Гармонь играла с перебором,

Толпился в пристанях народ,

А по реке, в огнях, как город,

Бежал красавец теплоход.

А. Т. Твардовский, «Кружились белые берёзки»

В академию нас ехало тринадцать человек – отличников спецшколы. В Астрахани мы погрузились на речной теплоход «Москва» и отправились по Волге. Академия находилась в г. Свердловске, она была эвакуирована из Москвы.

Теплоход медленно поднимался вверх по Волге. Нам отвели места третьего класса – корму, бак-палубу. Мы разместились на второй палубе, но время проводили больше на корме. Там вдвоем с другом мы любили пить чай в шлюпке. После селёдки чай был особенно вкусный, и на корме было замечательно: приятной вечерней прохладой обдавало лицо, внизу стучали гребные винты, а там, за кормой, бурлила и пенилась вода, и веером расходились к берегам волны. Долго, до поздней ночи, мы просиживали на корме, мечтая об академии, о своём будущем, любуясь ночными огнями и красотою Волги.

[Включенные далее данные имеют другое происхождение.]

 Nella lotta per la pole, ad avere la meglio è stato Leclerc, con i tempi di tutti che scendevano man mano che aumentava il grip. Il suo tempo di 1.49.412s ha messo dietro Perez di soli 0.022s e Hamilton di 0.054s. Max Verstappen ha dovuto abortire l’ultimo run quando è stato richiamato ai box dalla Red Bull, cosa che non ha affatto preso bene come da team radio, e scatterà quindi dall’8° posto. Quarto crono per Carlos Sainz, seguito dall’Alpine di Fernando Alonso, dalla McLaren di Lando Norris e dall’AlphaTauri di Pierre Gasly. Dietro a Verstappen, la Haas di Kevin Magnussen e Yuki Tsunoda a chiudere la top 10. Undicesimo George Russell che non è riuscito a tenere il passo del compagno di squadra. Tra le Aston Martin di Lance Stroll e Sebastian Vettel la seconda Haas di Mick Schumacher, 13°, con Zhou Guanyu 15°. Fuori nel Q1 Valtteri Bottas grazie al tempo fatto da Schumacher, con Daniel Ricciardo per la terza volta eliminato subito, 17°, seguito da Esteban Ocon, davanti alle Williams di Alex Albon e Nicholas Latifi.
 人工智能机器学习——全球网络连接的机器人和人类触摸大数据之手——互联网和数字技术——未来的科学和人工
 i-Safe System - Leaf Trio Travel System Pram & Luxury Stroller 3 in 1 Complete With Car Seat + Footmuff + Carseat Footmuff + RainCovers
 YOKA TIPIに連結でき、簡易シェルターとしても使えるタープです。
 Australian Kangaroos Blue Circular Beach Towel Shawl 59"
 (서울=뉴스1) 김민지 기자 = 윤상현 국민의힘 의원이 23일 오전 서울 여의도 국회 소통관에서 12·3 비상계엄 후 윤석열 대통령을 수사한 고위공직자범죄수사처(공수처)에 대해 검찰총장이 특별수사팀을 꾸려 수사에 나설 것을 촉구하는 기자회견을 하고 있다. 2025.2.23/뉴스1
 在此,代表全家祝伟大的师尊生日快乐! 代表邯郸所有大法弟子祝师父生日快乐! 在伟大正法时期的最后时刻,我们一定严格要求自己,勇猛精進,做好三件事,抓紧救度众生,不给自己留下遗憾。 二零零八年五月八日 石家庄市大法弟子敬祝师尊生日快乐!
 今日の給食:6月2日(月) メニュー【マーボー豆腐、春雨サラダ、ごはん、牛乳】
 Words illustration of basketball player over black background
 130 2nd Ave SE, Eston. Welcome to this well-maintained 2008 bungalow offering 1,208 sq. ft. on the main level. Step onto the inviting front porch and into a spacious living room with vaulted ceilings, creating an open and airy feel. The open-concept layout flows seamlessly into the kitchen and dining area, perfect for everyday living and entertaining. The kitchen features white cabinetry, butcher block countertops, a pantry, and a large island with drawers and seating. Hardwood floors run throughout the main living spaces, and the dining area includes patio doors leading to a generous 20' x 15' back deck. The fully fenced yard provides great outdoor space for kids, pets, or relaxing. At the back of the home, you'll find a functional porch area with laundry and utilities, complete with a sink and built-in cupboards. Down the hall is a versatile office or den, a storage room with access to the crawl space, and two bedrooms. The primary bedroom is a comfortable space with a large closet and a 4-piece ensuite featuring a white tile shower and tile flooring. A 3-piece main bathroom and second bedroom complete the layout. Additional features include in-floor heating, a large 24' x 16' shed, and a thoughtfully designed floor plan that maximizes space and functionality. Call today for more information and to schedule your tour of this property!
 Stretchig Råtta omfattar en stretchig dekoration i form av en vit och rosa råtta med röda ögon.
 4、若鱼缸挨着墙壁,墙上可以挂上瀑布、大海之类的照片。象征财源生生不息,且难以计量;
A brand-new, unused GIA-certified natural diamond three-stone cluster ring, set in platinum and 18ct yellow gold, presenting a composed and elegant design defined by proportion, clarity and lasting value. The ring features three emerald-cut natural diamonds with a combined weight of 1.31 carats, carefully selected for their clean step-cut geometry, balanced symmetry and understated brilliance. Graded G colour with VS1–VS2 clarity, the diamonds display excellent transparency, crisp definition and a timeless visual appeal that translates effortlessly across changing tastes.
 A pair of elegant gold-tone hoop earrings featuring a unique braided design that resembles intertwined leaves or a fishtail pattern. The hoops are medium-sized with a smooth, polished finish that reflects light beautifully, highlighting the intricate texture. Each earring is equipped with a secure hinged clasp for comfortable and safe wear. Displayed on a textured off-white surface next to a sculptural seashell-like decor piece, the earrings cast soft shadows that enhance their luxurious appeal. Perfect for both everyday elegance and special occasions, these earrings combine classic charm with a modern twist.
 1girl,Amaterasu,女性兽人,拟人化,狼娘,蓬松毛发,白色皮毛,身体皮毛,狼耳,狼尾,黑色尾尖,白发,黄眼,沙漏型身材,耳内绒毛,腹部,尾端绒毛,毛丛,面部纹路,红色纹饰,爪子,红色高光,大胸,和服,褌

В Астрахани нам выдали форму спецшколы ВВС, а ботинок не дали, и мы босые, в полувоенной форме бродили по кораблю, привлекая внимание окружающих своим нарядом.

– Вот, примечайте: человек одет по последнему крику моды, – помню, сострил какой-то весельчак, указывая на меня пальцем.

На пристанях мы таскали у нерасторопных баб пирожки и арбузы, а совесть свою успокаивали таким философским заключением: «Когда бедный берет у богатого или голодный у сытого, то это не воровство, а простая делёжка».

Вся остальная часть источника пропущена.